Name of the Vulnerable Software and Affected Versions: Eliz Software Panel versions prior to 2.3.24 Description: The issue is related to Improper Neutralization of Input During Web Page Generation, also known as Cross-site Scripting (XSS). This allows for Stored XSS attacks. Recommendations: For versions prior to 2.3.24, update to version 2.3.24 or later to resolve the issue.

**Name of the Vulnerable Software and Affected Versions** Eliz Software Panel versions prior to 2.3.24 **Description** The issue is related to Improper Neutralization of Input During Web Page Generation, also known as Cross-site Scripting (XSS). This allows for Reflected XSS attacks. **Recommendations** For versions prior to 2.3.24, update to version 2.3.24 or later to resolve the issue. As a temporary workaround, consider restricting user input to minimize the risk of exploitation.

**Name of the Vulnerable Software and Affected Versions** Eliz Software Panel versions prior to 2.3.24 **Description** The issue allows external parties to access files or directories, enabling the collection of data from common resource locations. **Recommendations** For versions prior to 2.3.24, update to version 2.3.24 or later to resolve the issue.

**Name of the Vulnerable Software and Affected Versions** CyberMath versions 1.4 through 1.4 **Description** A Cross-Site Request Forgery (CSRF) issue affects CyberMath, allowing unauthorized actions to be performed on behalf of a user. This issue can be exploited by tricking a user into performing an unintended action on the web application. **Recommendations** For versions 1.4, update to version 1.5 or later to resolve the issue. At the moment, there is no information about additional mitigation measures for this specific version.

**Name of the Vulnerable Software and Affected Versions** CyberMath versions 1.4 through 1.4 **Description** The issue allows an unrestricted upload of a file with a dangerous type, enabling the upload of a web shell to a web server. This can be exploited to gain unauthorized access to the server. **Recommendations** For versions 1.4, update to version 1.5 or later to resolve the issue. As a temporary workaround, consider restricting file uploads to prevent potential exploitation until a patch is available.

**Name of the Vulnerable Software and Affected Versions** CyberMath versions 1.4 through 1.4 **Description** The issue is related to Improper Neutralization of Input During Web Page Generation, also known as Cross-site Scripting, allowing Reflected XSS. This affects the CyberMath software. **Recommendations** For versions 1.4, update to version 1.5 or later to resolve the issue.

**Name of the Vulnerable Software and Affected Versions** CyberMath versions 1.4 through 1.4 **Description** The issue is related to Improper Neutralization of Input During Web Page Generation, also known as Cross-site Scripting, allowing Stored XSS. This affects the CyberMath software. **Recommendations** For versions 1.4, update to version 1.5 or later to resolve the issue. At the moment, there is no information about additional mitigation measures for this vulnerability.

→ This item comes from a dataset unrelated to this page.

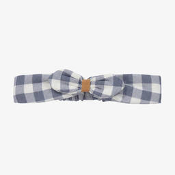 Girls white headband with red and navy blue stripes by Spanish brand Tutto Piccolo. Made in a lightweight cotton and polyester blend, it has a fixed bow on top and is elasticated around the back for a good fit. The designer's logo is embroidered on one side in red.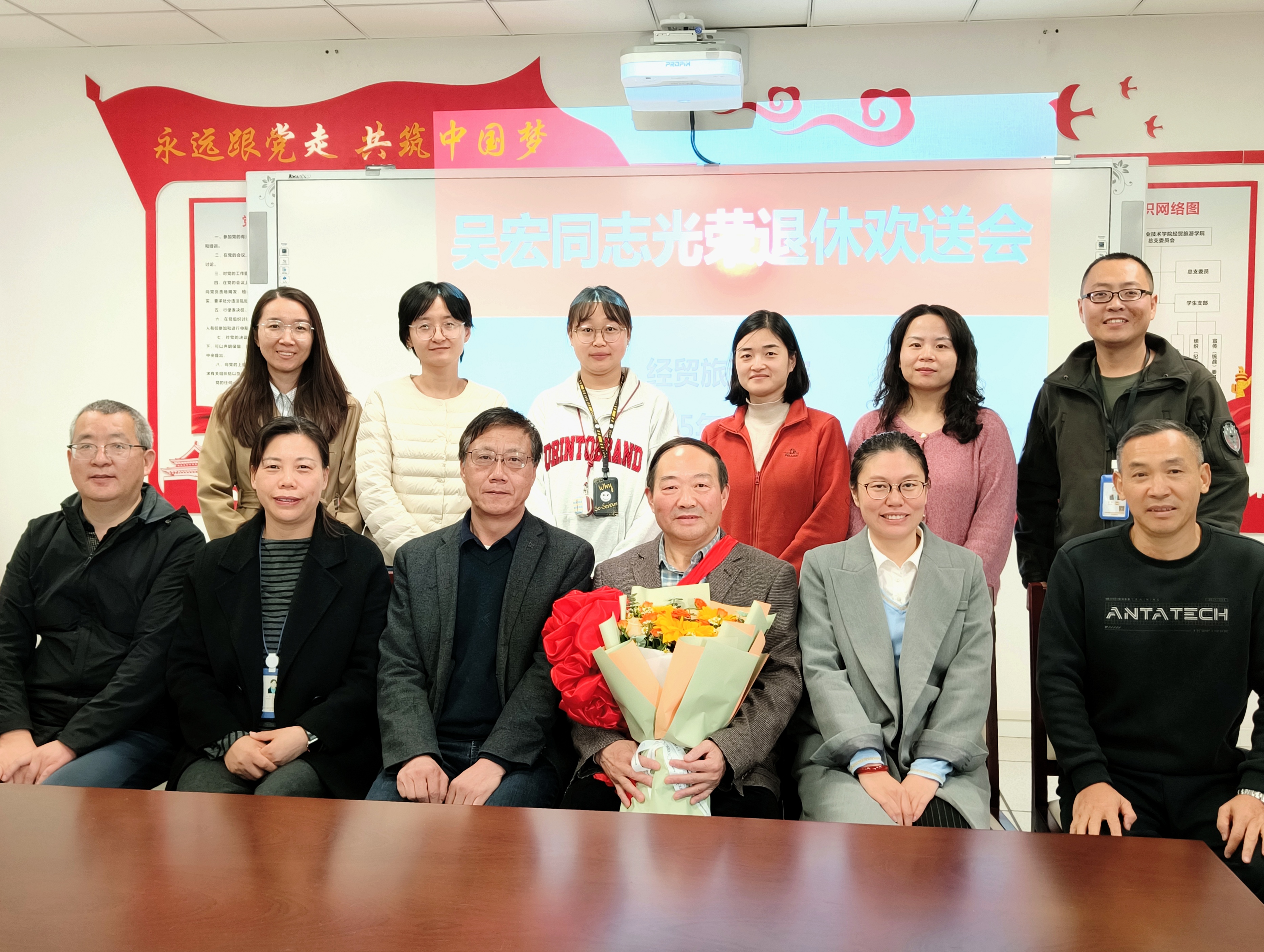 11月5日,ac米兰官网中文网站在三楼会议室举办吴宏老师光荣退休欢送会。学院党政、部分老教师、青年教师代表以及学校财务处张其悦、胡蓉等教师参会,党总支副书记赵倩倩主持仪式。

**Name of the Vulnerable Software and Affected Versions** DECE Software Geodi versions prior to 8.0.0.27396 **Description** The issue is related to improper neutralization of input during web page generation, which allows for stored cross-site scripting (XSS). This means that an attacker can inject malicious scripts into the website, potentially leading to unauthorized access or control. **Recommendations** For versions prior to 8.0.0.27396, update to version 8.0.0.27396 or later to resolve the issue. As a temporary workaround, consider restricting user input to prevent malicious scripts from being injected into the website.

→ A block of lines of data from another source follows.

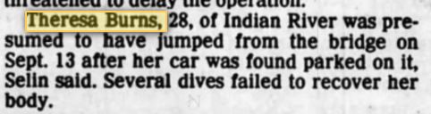 Circumstances: It is believed that Theresa Burns jumped off the Mackinac Bridge. Her body has not been recovered.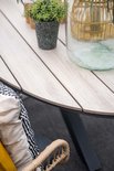 Le plateau de la table Edison est en bois de Vironwood. Vironwood est un matériau synthétique résistant dont l’apparence est impossible à distinguer du vrai bois.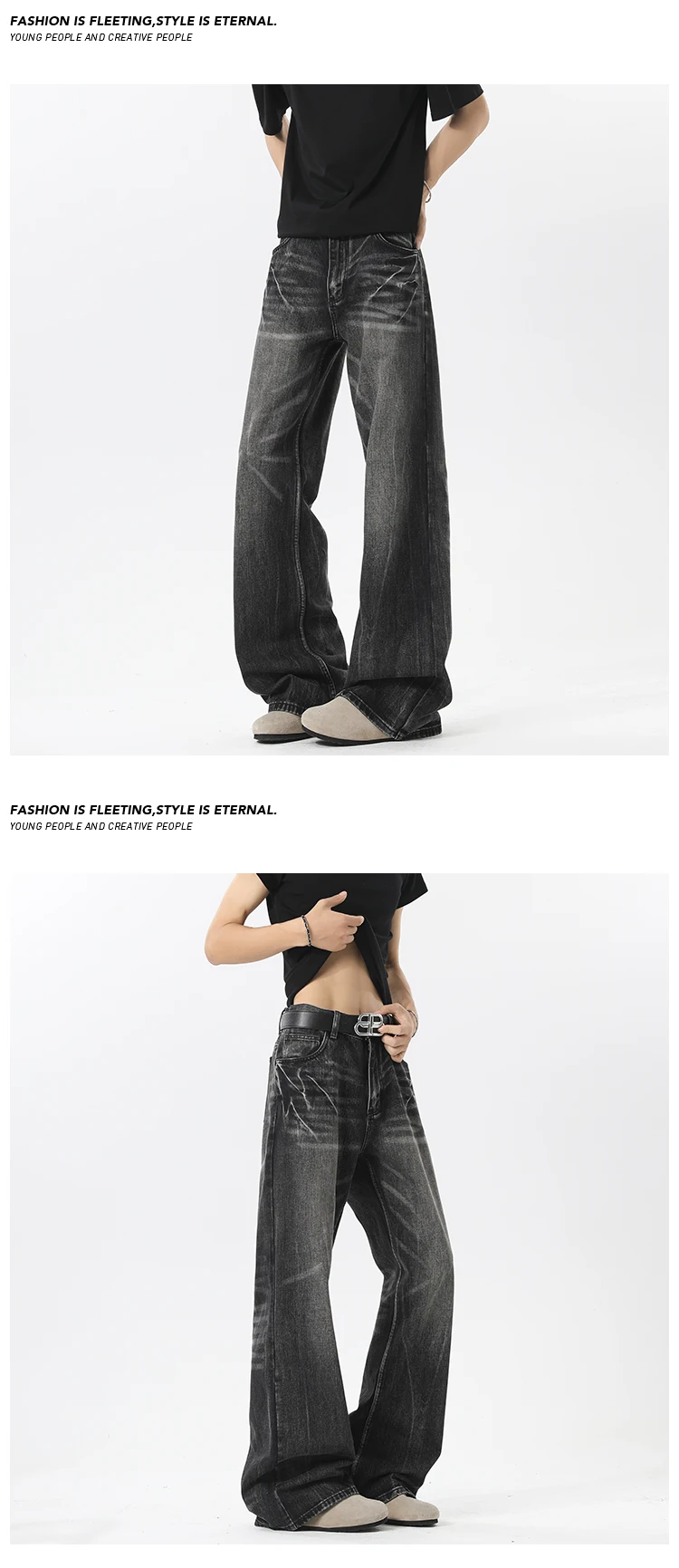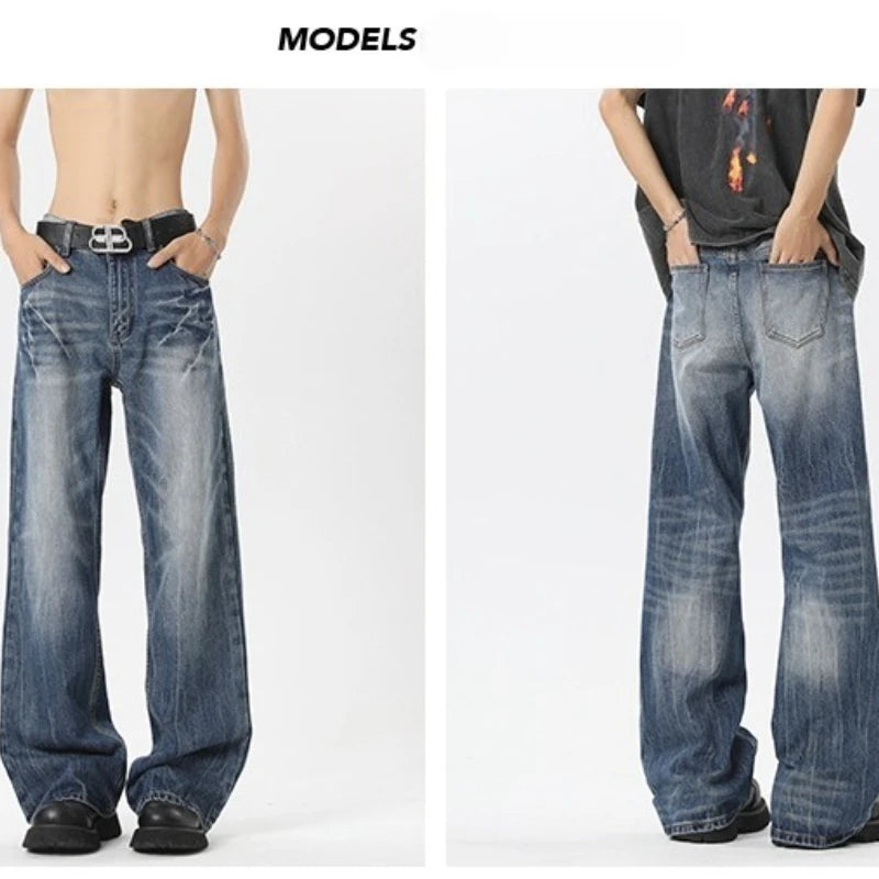 BONSIR - Men's Jeans American Style High Waist Wide Leg Loose Slimming Draping Scythe Pants Straight Denim Pants Black Jeans Men Clothing

**Name of the Vulnerable Software and Affected Versions** DECE Software Geodi versions prior to 8.0.0.27396 **Description** The issue is related to an Improper Enforcement of Behavioral Workflow vulnerability, which allows for Functionality Bypass in DECE Software Geodi. **Recommendations** For versions prior to 8.0.0.27396, update to version 8.0.0.27396 or later to resolve the issue.